### Activity
Lines before the one containing "17. Frescă din" are left out; return that line and every line after it exactly, through the end of the data below.

*** Opening of Extracted entries ***

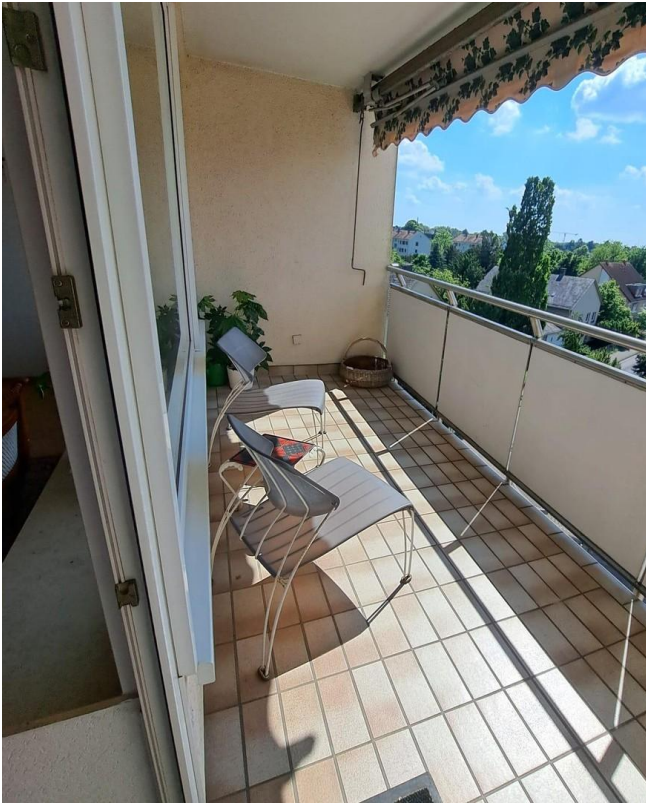
Balkon m. schönem Ausblick
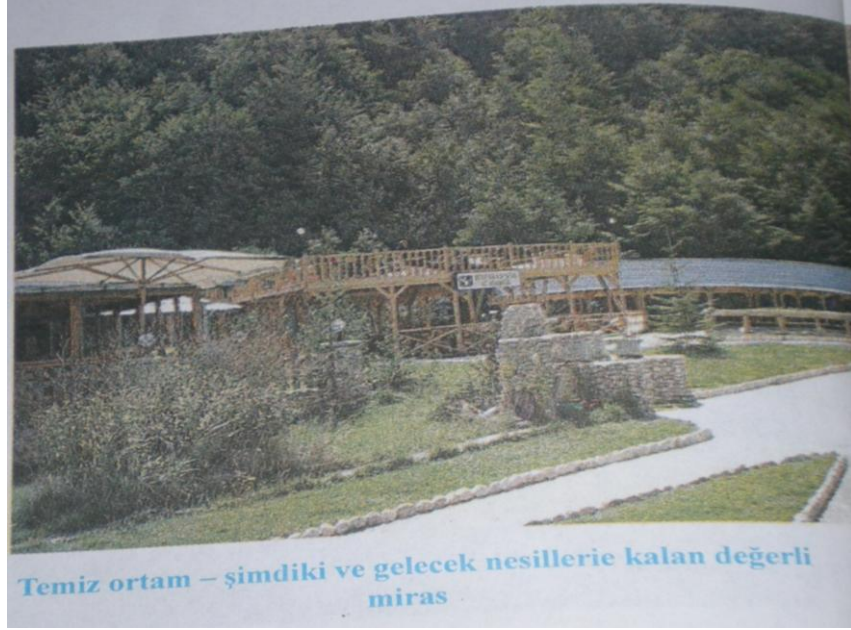
Resim 11 : Yurttaşlık Eğitimi 8. Sınıf, “Çevre Hakkı ve İstikrarlı Gelişme Hakkı”, s. 10 (2008)

9. resimde, öğrencilerde çevre korunması bilinci geliştirilmeye çalışılmıştır. Öyle ki, öğrencilerin görsel alanına hitap etmesi açısından temiz bir çevre ortamı resmedilmiştir. Ayrıca temiz bir çevre ortamının hem şimdi hem de gelecek nesillere kalan en değerli mirası oluşturduğu ifade edilmiştir.
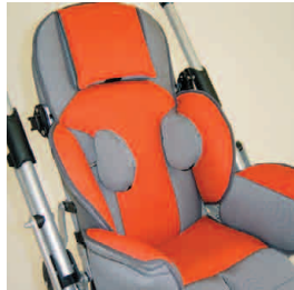
pelote de thorax
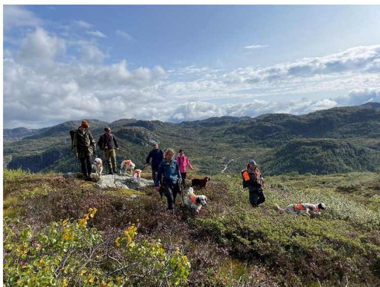
Det ble en dag med innslag av regn og sol.
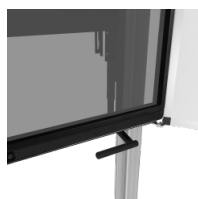
Griff zur Bedienung eines
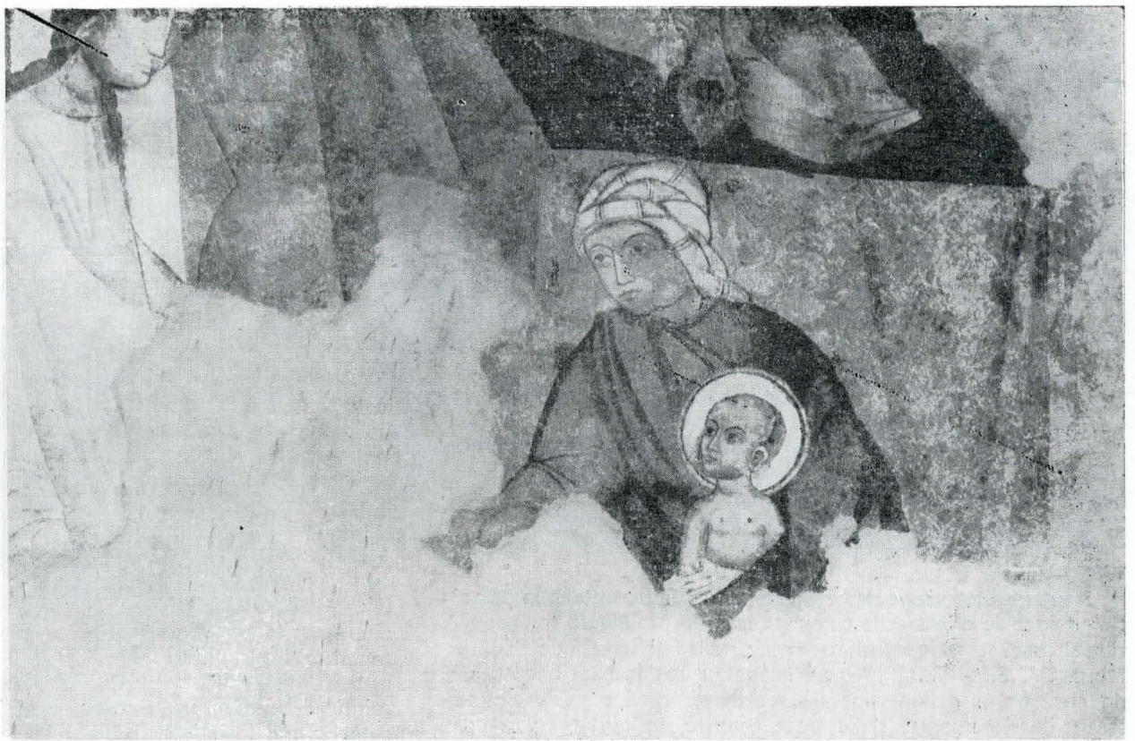
17. Frescă din sec. al XV-lea? Naos, perete nord, scena Nașterea Sf. Ioan Botezătorul, detaliu; imagine finală realizată după lucrările de conservare-restaurare.

de pictorul Cornel Boambeș, întreg edificiul a fost supus unor ample lucrări de restaurare de arhitectură, cu care prilej biserica a căpătat o imagine cît mai apropiată de cea reală.

*** Close of Extracted entries ***

### Task solution
17. Frescă din sec. al XV-lea? Naos, perete nord, scena Nașterea Sf. Ioan Botezătorul, detaliu; imagine finală realizată după lucrările de conservare-restaurare.

de pictorul Cornel Boambeș, întreg edificiul a fost supus unor ample lucrări de restaurare de arhitectură, cu care prilej biserica a căpătat o imagine cît mai apropiată de cea reală.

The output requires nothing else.